Let $P$ be any convex polygon with $n$-sides. Let $k$ be the number of axes of symmetry of $P$. Prove that if $k>0$, then $k$ divides $n$.
The first thing that came to my mind was Lagrange's theorem, which didn't seem to work. Then I found this but I'm not sure if I really understand what's going on. The proof goes as follows.
Let $G$ be a group of all symmetries of a polygon $P$ and $G_+$ be the subgroup of the group $G$ consisting of symmetries which do not change the orientation of the polygon $P$. Then $|G:G_+|=2$ and an element $g\in G$ is an axial symmetry iff $g\in G\setminus G_+$. So $|G|=2k$. By Brower theorem, each element $g\in G$ has a fixed point. Thus the elements of the group $G_+$ are rotations. Therefore the action of the group $G_+$ on the set $V$ of vertices of the polygon $P$ has no fixed points. Hence each $G_+$-orbit in the set $V$ consists of $k$ elements and so $|V|$ is divisible by $k$.

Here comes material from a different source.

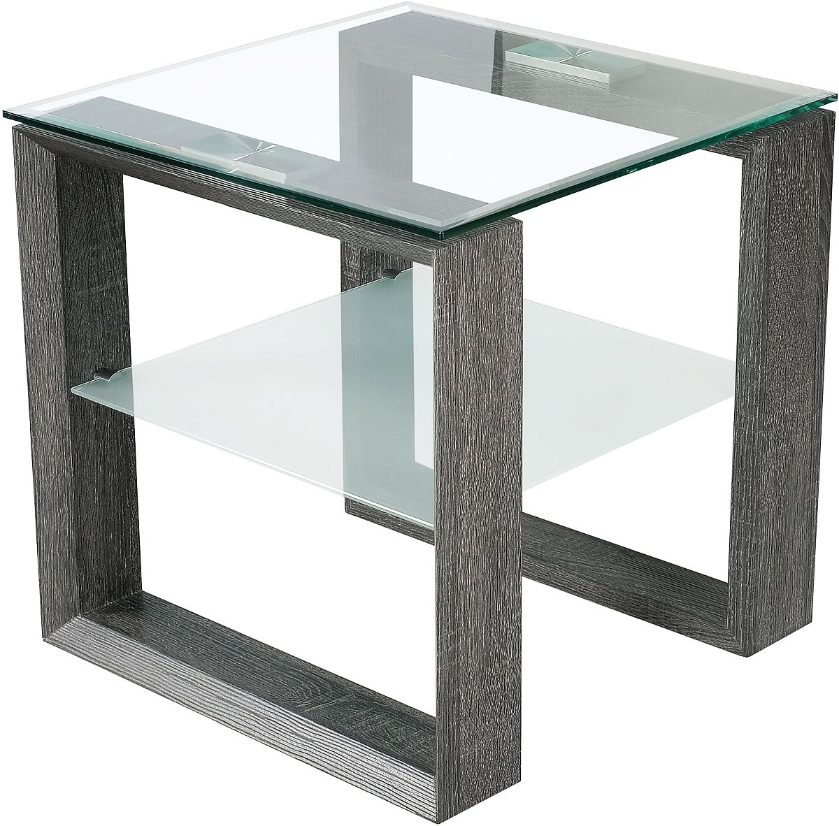 Its wood-look frame with a grey finish provides a stylish contrast to the glass, creating a minimalist yet sophisticated aesthetic. The 7369 End Table not only enhances the visual appeal of your space but also offers practical storage solutions.

So $G$ is the symmetry group of $P$. Clearly $G$ consists of all possible rotations and reflections. We have to make sure that all rotational symmetries of $P$ have a common center so that their composition is an element of $G$. But this is guaranteed by the fact (I've seen this in numerous occasions but can someone prove it?) that all axes of symmetry of $P$ pass through a common point.
$G_+$ consists of elements of $G$ which are not reflections. So all rotations are elements of $G_+$. It is easy to see that $G_+$ is a subgroup of $G$. For if two symmetries of $P$ are both orientation-preserving, then so is their composition.
Then we determine the order of $G_+$. Let $g_1,\dots,g_k$ denote all possible reflections. Recall that a rotation followed by a reflection is a reflection. Consider any rotation $r$. Since $g_1^{-1}$ is a reflection, so is $g_1^{-1}\circ r$. Therefore $g_1^{-1}\circ r=g_i$ for some $i\in \{1,\dots,k\}$. Hence $r=g_1\circ g_i$. It follows that every rotation is the composition of $g_1$ and another reflection. Since $g_1\circ g_{i_1}\neq g_1\circ g_{i_2}$ whenever $i_1\neq i_2$, we must have $G_+=\{g_1\circ g_i:i\in \{1,\dots,k\}\}$, meaning that $|G_+|=k$.
Why is Brouwer fixed-point theorem needed here? Given $v\in V$, we know that ${G_+}_v$, the stabilizer subgroup of $G_+$ with respect to $v$, is trivial because a non-trivial rotation fixes no points. By the orbit-stabilizer theorem, the size of the orbit of $v$ is $|G_+|/|{G_+}_v|=k/1=k$. Since the collection of all orbits form a partition of $V$, we know that $k$ divides $|V|$.
Can anyone answer my questions or come up with a new proof? Thanks.